Don Morris

A point about how reimbursement impacts care

August 22, 2013
By Don Morris

“Humungous tonsils” was the verdict of the pediatrician who sent us off to see two ENT specialists with our twins. The first doctor explained that they were indeed humungous and that any tonsils larger than a certain size should be removed or they could lead to poor functioning at school, among other problems. He would be happy to schedule the surgery. The case seemed clear. But the second doctor needed to know more to make a decision: Were the twins tired and cranky in the morning? Did they breathe irregularly in their sleep? Could we send a video?

What happened here illustrates a point about how reimbursement impacts care, that I think is often missed amid dire forecasts that health care reform will lead to “cookie-cutter” medicine. It’s actually the other way around. The current fee-for-service system, represented by doctor number one, rewards a one-size-fits-all approach that increases volume; simple guidelines (e.g., the tonsil size rule) have been developed to make decisions easy so providers can focus their time on providing the reimbursed treatments. The second doctor, a salaried professor who had no financial interest, was much more thoughtful about her decision. As health care reform begins to make medical groups financially accountable for patients’ outcomes ranging from hospital readmissions to heart attacks, the industry is scrambling to collect individual health data and develop a new generation of analytics that that is focused on better understanding of impact of medical decisions on individuals. Because bad outcomes like readmissions will be penalized, and good outcomes will be rewarded, simple economics are driving the industry to personalized care.

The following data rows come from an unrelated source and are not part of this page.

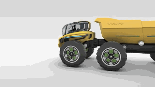 Centaur鉸接式卡車具備強大的裝載能力,其載重能力或?qū)⒊^40噸,巨大的輪胎和堅固的底盤支撐起了這只龐然大物。Centaur鉸卡采用了非常獨特的懸掛設(shè)計,6個輪胎分別獨立地與主軸連接,連接處可以自由轉(zhuǎn)動,這使得Centaur在坎坷不平的路面上如履平地。
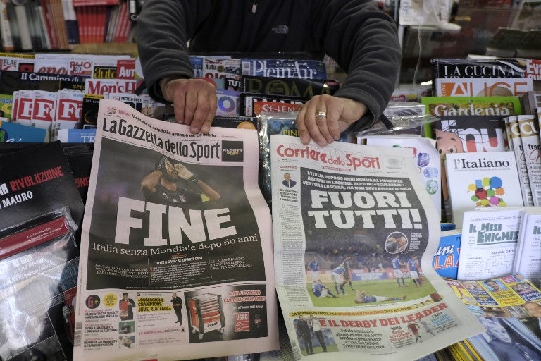 La eliminación sufrida contra Suecia en la repesca, que vio a los italianos perder 0-1 la ida y no pasar del 0-0 en la vuelta de Milán, hundió a todo el país transalpino en la decepción y la indignación por un fracaso que afecta a todos.
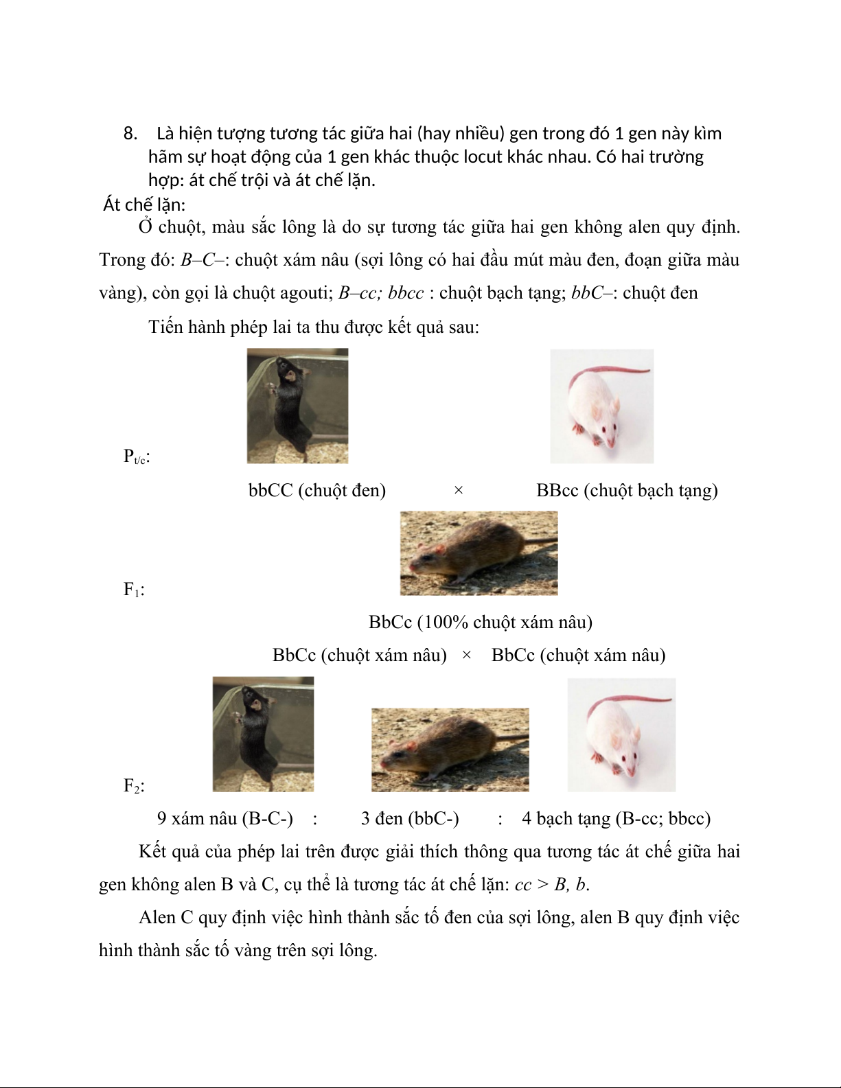 vàng), còn gọi là chuột agouti; B–cc; bbcc : chuột bạch tạng; : chuột đen bbC–
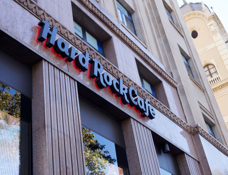 BARCELONA, SPAIN - OCTOBER 07, 2015: Famous Hard Rock Cafe at Catalonia Square in Barcelona, Spain
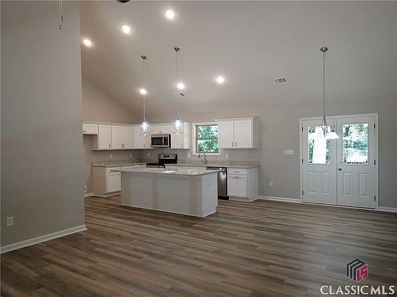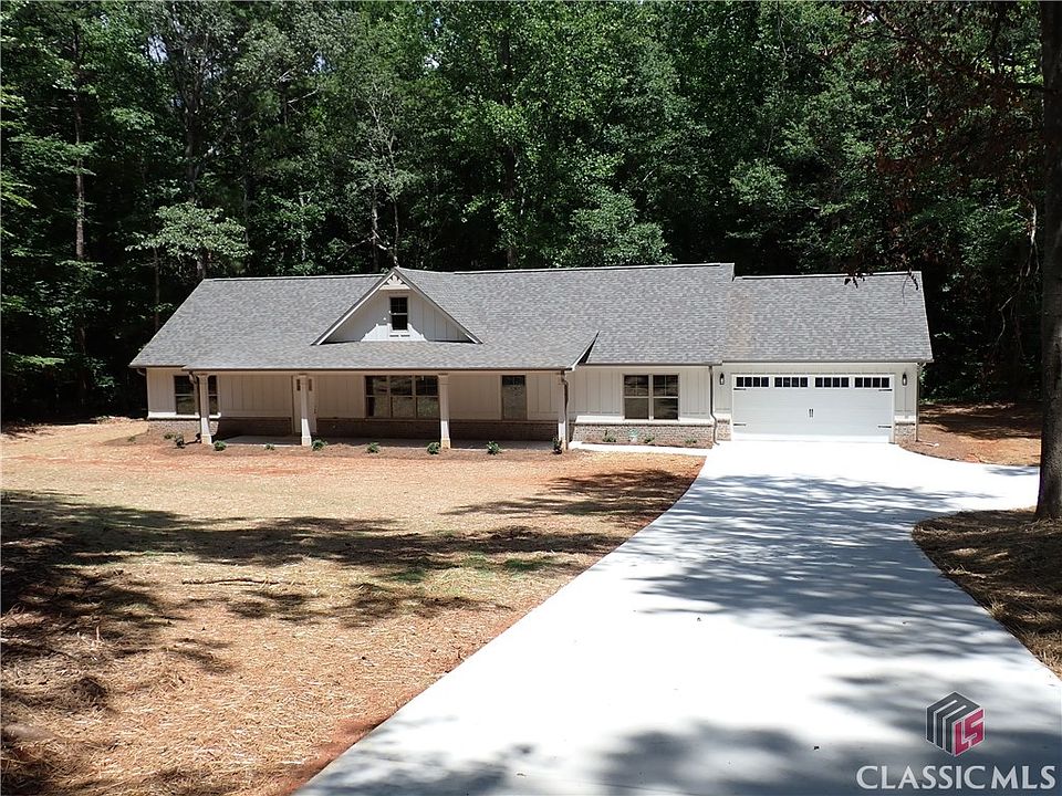 Hard to find, brand new stepless ranch on 1.67 Acres!! This home features a vaulted family room that opens to the kitchen and breakfast area. Kitchen has tons of cabinets, stainless appliances, granite countertops and a HUGE island! Extra large walk in pantry also. Split bedroom plan. Master bath with separate his and her vanities. Laundry room. Very nice rocking chair front porch and covered back patio that overlooks wooded, private back. Convenient to Athens and Jefferson. No HOA! If you are looking for a little elbow room, this could be the home for you.
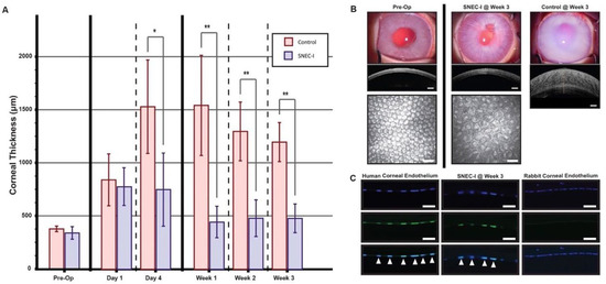 Functionality of SNEC-I in a rabbit model of bullous keratopathy. (A) Graph depicting the mean central corneal thickness in rabbits treated with SNEC-I (n = 3 rabbits; blue) compared to untreated controls (n = 3 rabbits; red) at the following time points: pre-operatively, day 1, day 4, week 1, week 2, and week 3 (* p < 0.05, ** p < 0.01). (B) Representative slit–lamp images and their corresponding anterior segment optical coherence tomography images of corneal thickness taken pre-operatively, as well as at week 3 for SNEC-I-treated and control rabbits (scale bar: 500 μm). In vivo confocal images are also included for both pre-operative and week 3 SNEC-I-treated rabbits (scale bar: 50 μm). (C) Representative immunofluorescent staining of DAPI (top row) and human-specific nuclear antibodies (middle row), with merged images (bottom row) showing co-localization (white arrow). Images include sections from human cadaveric donor corneas (left), excised corneas from rabbits receiving SNEC-I (center), and the contralateral rabbit cornea (right) (scale bar: 50 μm).
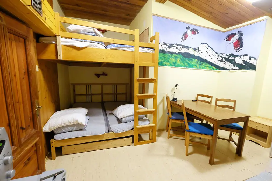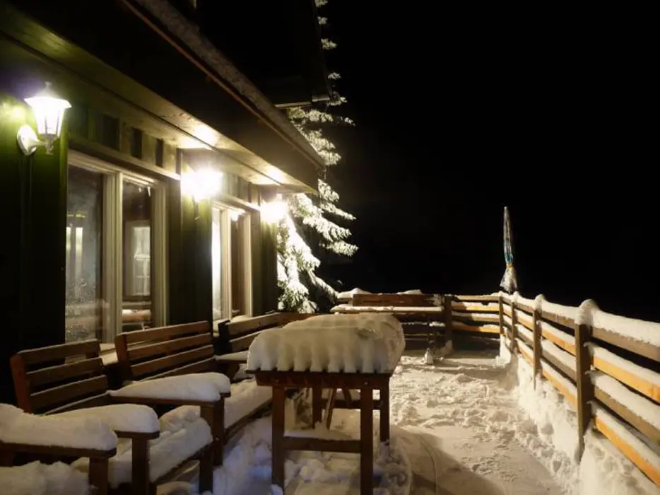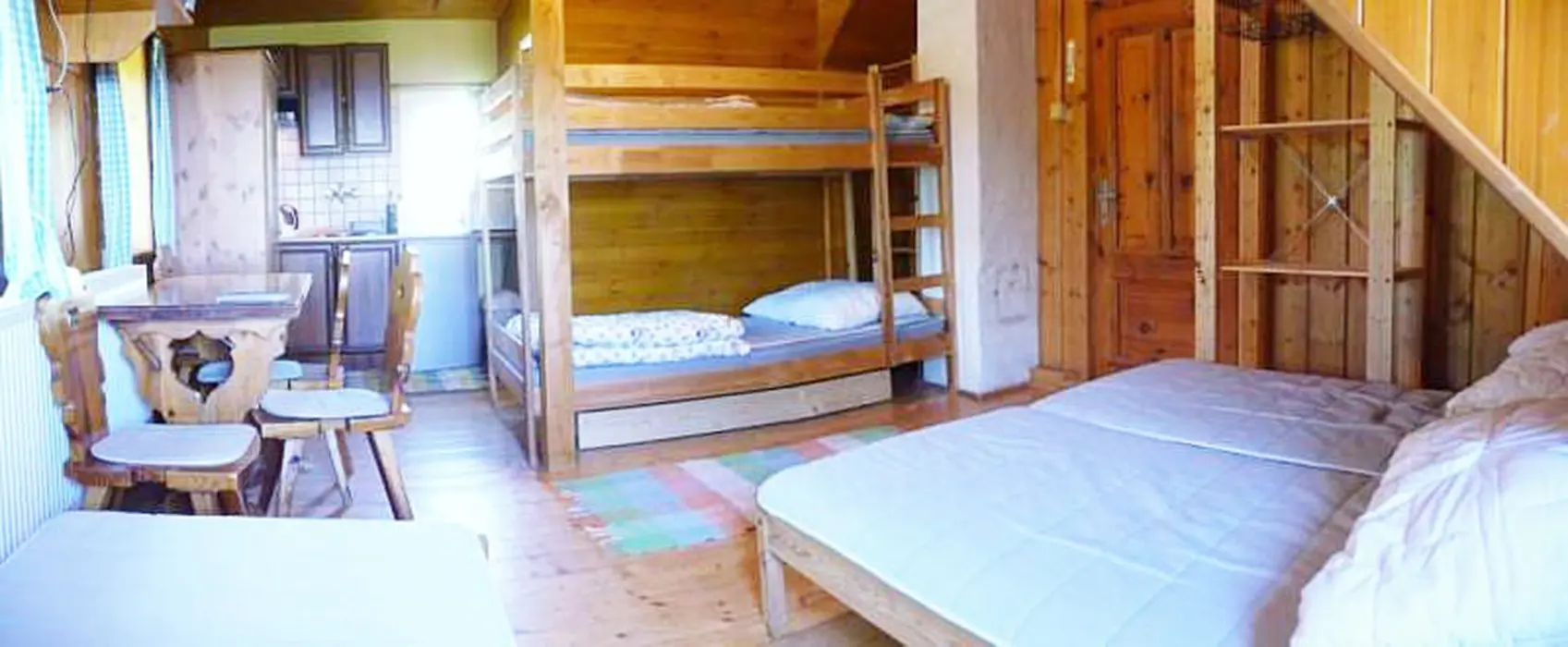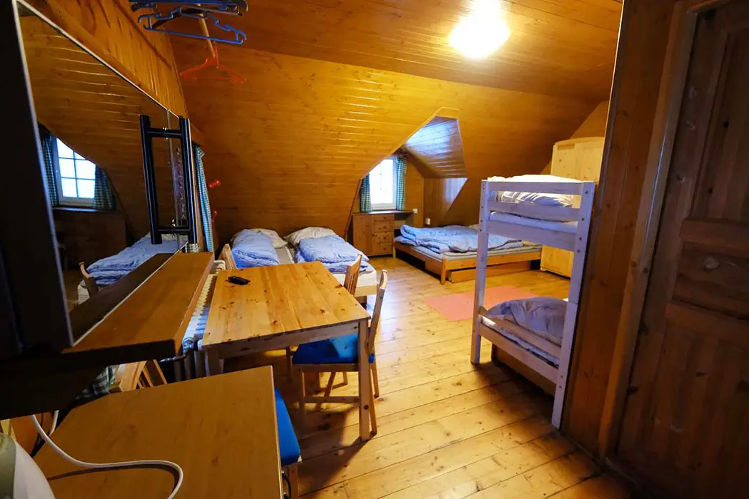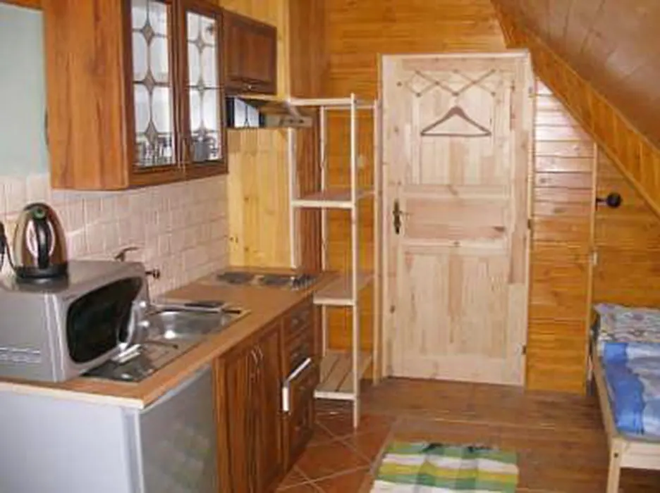 Společenská místnost s posezením, krb, stolní fotbal, šipky, BTV, velká a dobře vybavená kuchyně. 5 ložnic - 1x5, 1x6, 3x4 lůžka, v každém je kuchyňka s ledničkou, MW trouba, varná konvice, vařič, BTV, koupelna + WC. Topení plynové - kondenzační kotel. Dětská postýlka k dispozici.
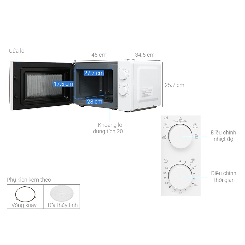 Tiện ích: Chuông báo khi nấu xong. Hẹn giờ lên tới 35 phút. Khoang lò có đèn
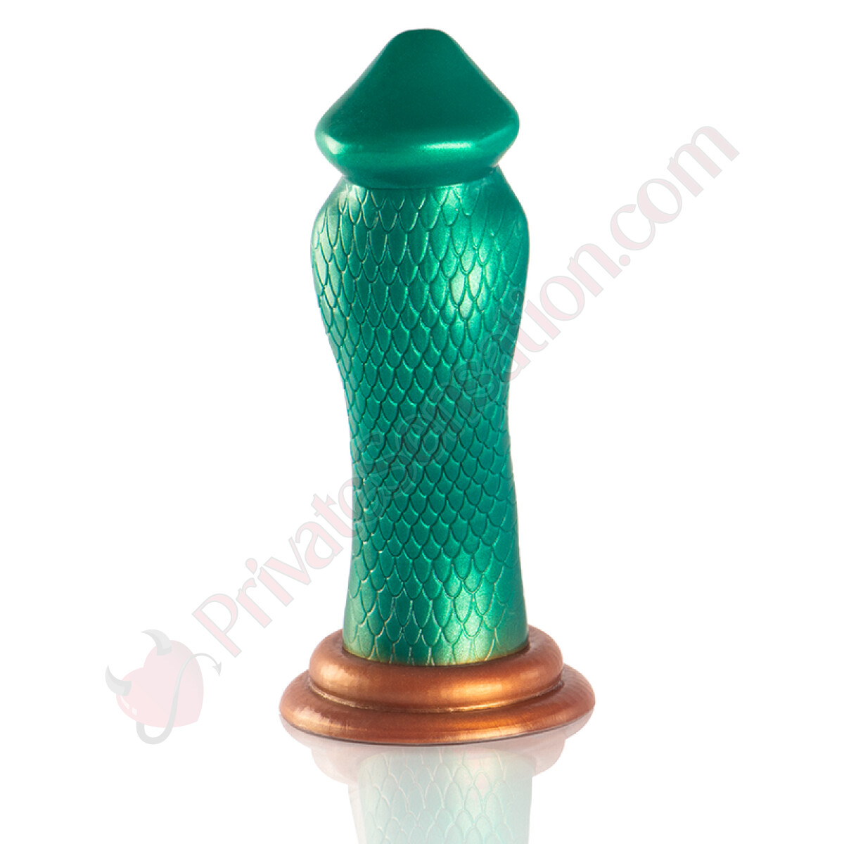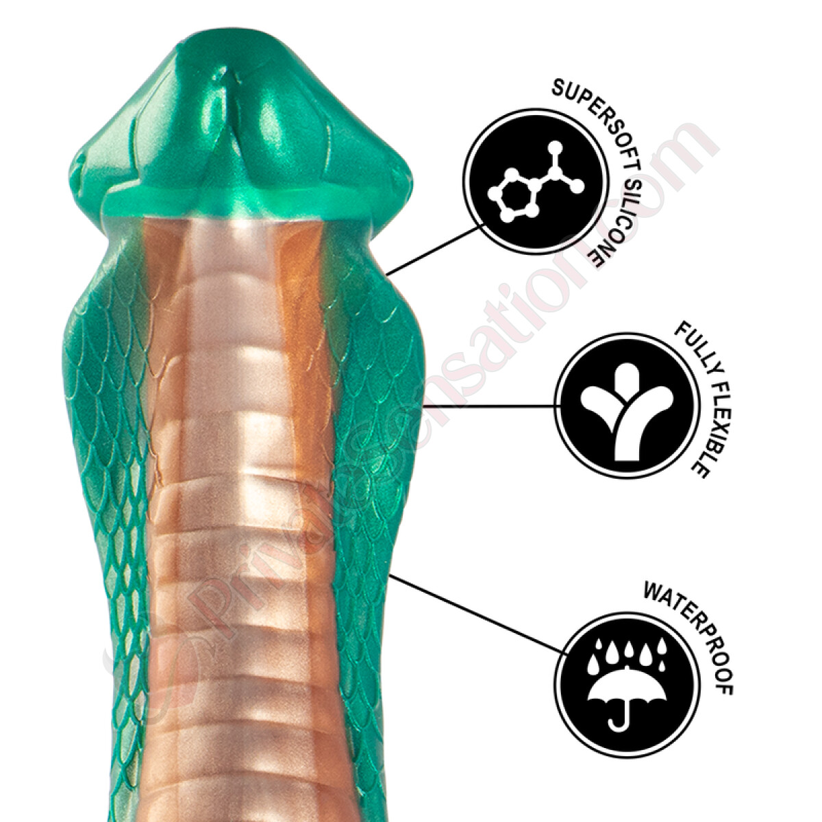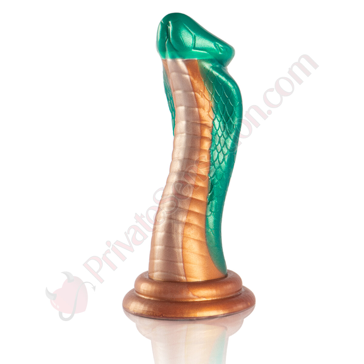 Questo dildo è realizzato in silicone e si distingue per il suo colore verde che richiama la pelle di un cobra e per la sua forma a diametro variabile. La struttura è progettata per offrire sensazioni differenti lungo tutta la sua lunghezza, con una base ampia che ne facilita l'utilizzo.

Most medical decisions involve a tradeoff of risks of potentially fatal outcomes: a CT scan of your coronary arteries may help diagnose heart disease but could cause cancer; aspirin and other blood thinners reduce your risk of heart disease but could lead to serious bleeding. Simple cookie-cutter guidelines fail to take individual complexity into account, often recommending treatment to people who could on balance be harmed, or fail to recommend treatments to people who would benefit.

Before evidence-based medicine, medical decisions were all personalized, but because physicians didn’t have access to analytic evidence their decisions were based on intuition, or a limited number of personal experiences. Since that era, clinical trials have created a sound scientific foundation for decisions= and for national care guidelines, but the simplicity of these guidelines has led to less personalization of decisions. Now we’ve moved to a stage where there’s enough clinical evidence, analytic horsepower, and patient data in electronic records to guide medical decisions that are both personalized and evidence-based.

Looking forward, one of the biggest barriers to the development and use of personal analytics is data quality. Case in point: One group we worked with had been entering temperatures as heights in their electronic medical record until we pointed out how many people in their records were 98 inches tall. It was frightening that no one had noticed, but equally clear that this data had never been used for treatment decisions. With the increased use of patient data by computers to help guide decisions, methods will be needed to ensure that our individual health data is as accurate as our bank records. To anyone involved in health care this may sound like a Sisyphean task, but other industries have already led the way — wouldn’t you be shocked if you discovered that your bank had been recording your deposits as withdrawals?

Finally, the quality metrics chosen to determine health care reimbursement will be critical. They will need to accurately measure what is beneficial to patients — no easy challenge — or risk driving health care away from the mission of improving health to other parts unknown. Ultimately, if health care metrics are appropriately designed, economics and analytics should lead us down the path to the right treatment for the right person.

Our twins, by the way, still have their tonsils, and as of the last visit they were not quite so humungous.

About the author: Don Morris, PhD, is vice president of scientific product and technology development at Archimedes Inc., a healthcare modeling and analytics company based in San Francisco. He leads the development of IndiGO, Archimedes’ clinical-decision support tool, and other products for individualized risk prediction and decision support.